With regard to QoL, improvement was seen in all domains, particularly in
emotional aspects (improvement of 23.72), limitations in physical aspects
(improvement of 17.29 points), and social aspects (improvement of 15.11 points),
as well as changes in areas such as mental health (improvement of 5.85 points).
Some studies have analyzed the effect of restorative surgery on QoL, and most
studies show a significant association affecting several domains.
The change in the emotional aspect domain could be justified mainly by the
psychic effect caused by the surgical correction of localized lesions,
especially in areas of exposure, such as the face, that cause constant concern,
especially neoplasias, which generate fear, anxiety, and distress6.
This result is consistent with those of other studies that have evaluated this
aspect.
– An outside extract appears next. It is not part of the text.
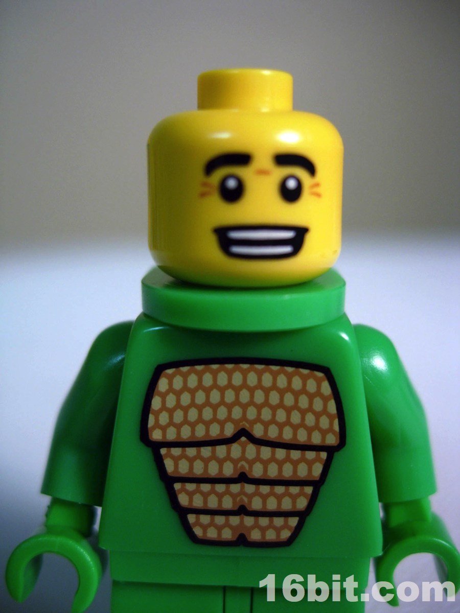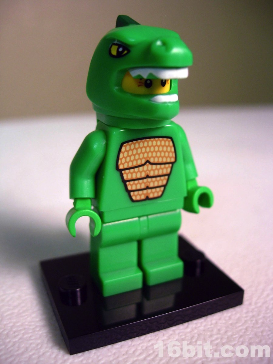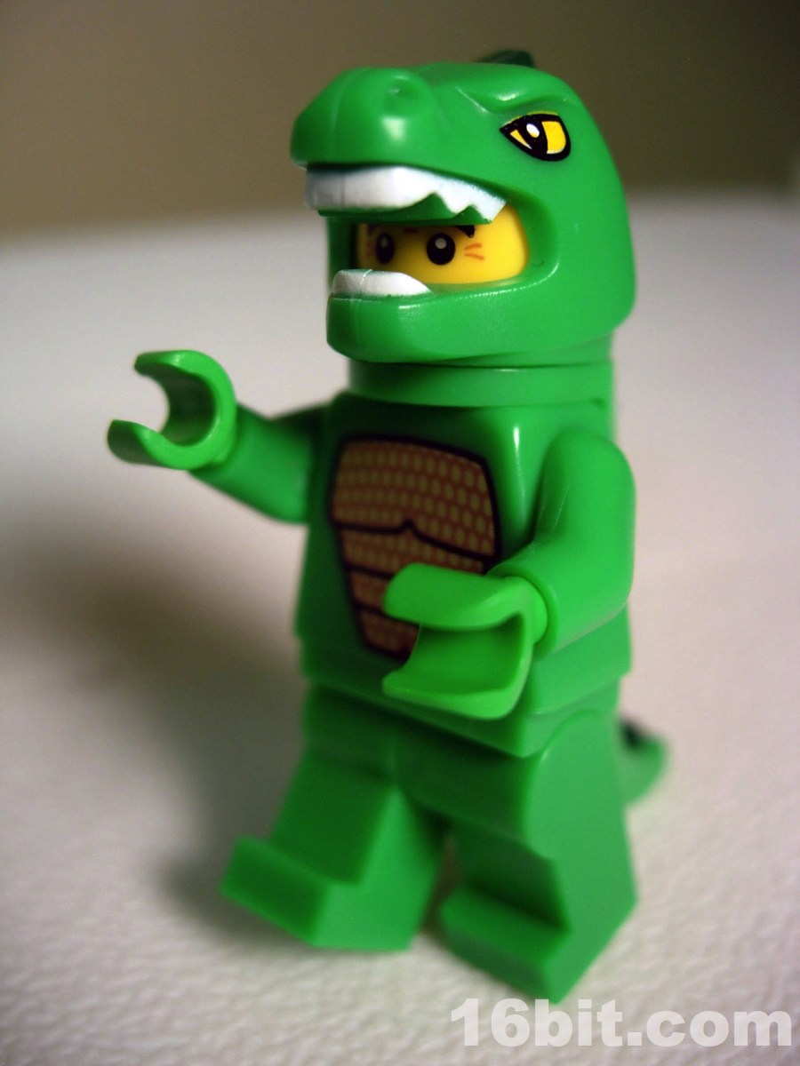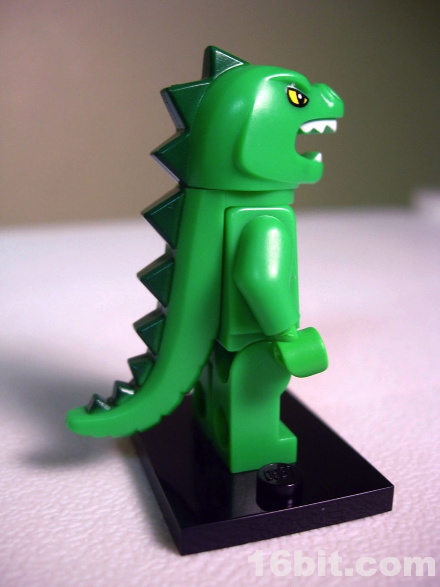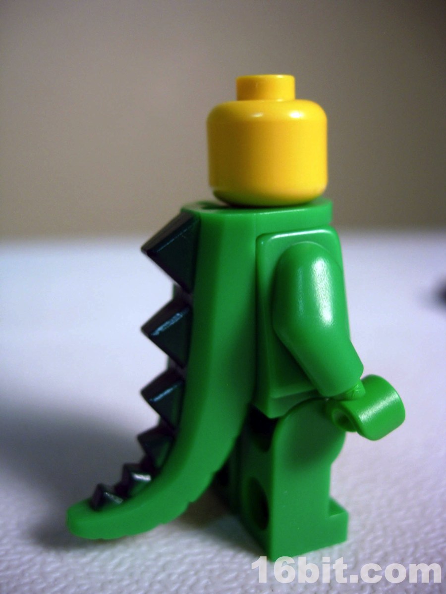 The figure's construction is, as always, nicely done. The basic figure has been augmented by a tail which acts sort of like a backpack, hanging off his neck. The head is a helmet, and the rest of the figure is just good ol' green plastic. His chest is painted all scaley, and well, the figure reminds me just how much it sucks that I grew up before these guys came out. I just know my life would be way better as a child if I had access to King Kong and Godzilla in LEGO form. (If I had Ghostbusters I would've lost my mind.)

An article on the effect of QoL in repairing surgery performed
specifically to correct venous ulcers through skin grafting also observed a
positive impact on QoL similar to that obtained here, with improvement seen
especially in the domains related to limitation by physical and emotional
aspects22.
Another study comparing QoL between patients who did or did not undergo breast
reconstruction after mastectomy observed that women who did not undergo breast
reconstruction had greater emotional fragility and more greatly affected
emotional domain of QoL24. Another study
detailing the effect of reductive mammoplasty on QoL identified that the
surgical correction of breast hypertrophy improved QoL and the emotional
aspect25.
Finally, a subsequent German study of 72 patients with non-melanoma skin cancer
who completed a QoL questionnaire found a moderate-to-strong impact on QoL,
emotional aspects, functional capacity, and disease-related symptoms after
surgery26.
The increase in the physical aspect domain observed in our study could be
explained by an improvement in function and impact on the psychological aspect
of the patient, repercussion with improved disposition, decreased fatigue, and
fatigue altering rest and sleep, leading to an improved capacity to perform
personal and professional activities27.
The improvement observed in the present study in terms of social aspects could
also be justified by the physical improvement, appearance, and psychic questions
of the individual, especially considering that he feels accepted by his group
in
social activities, the professional environment, and relationships with family
and friends28.
We identified an important improvement in the mental health domain, demonstrating
the role of reconstruction. These data are consistent with those of another
study of patients with head and neck neoplasia in which the impact on QoL was
assessed after surgical treatment and where postoperative improvement was
observed, especially in the mental health domain29.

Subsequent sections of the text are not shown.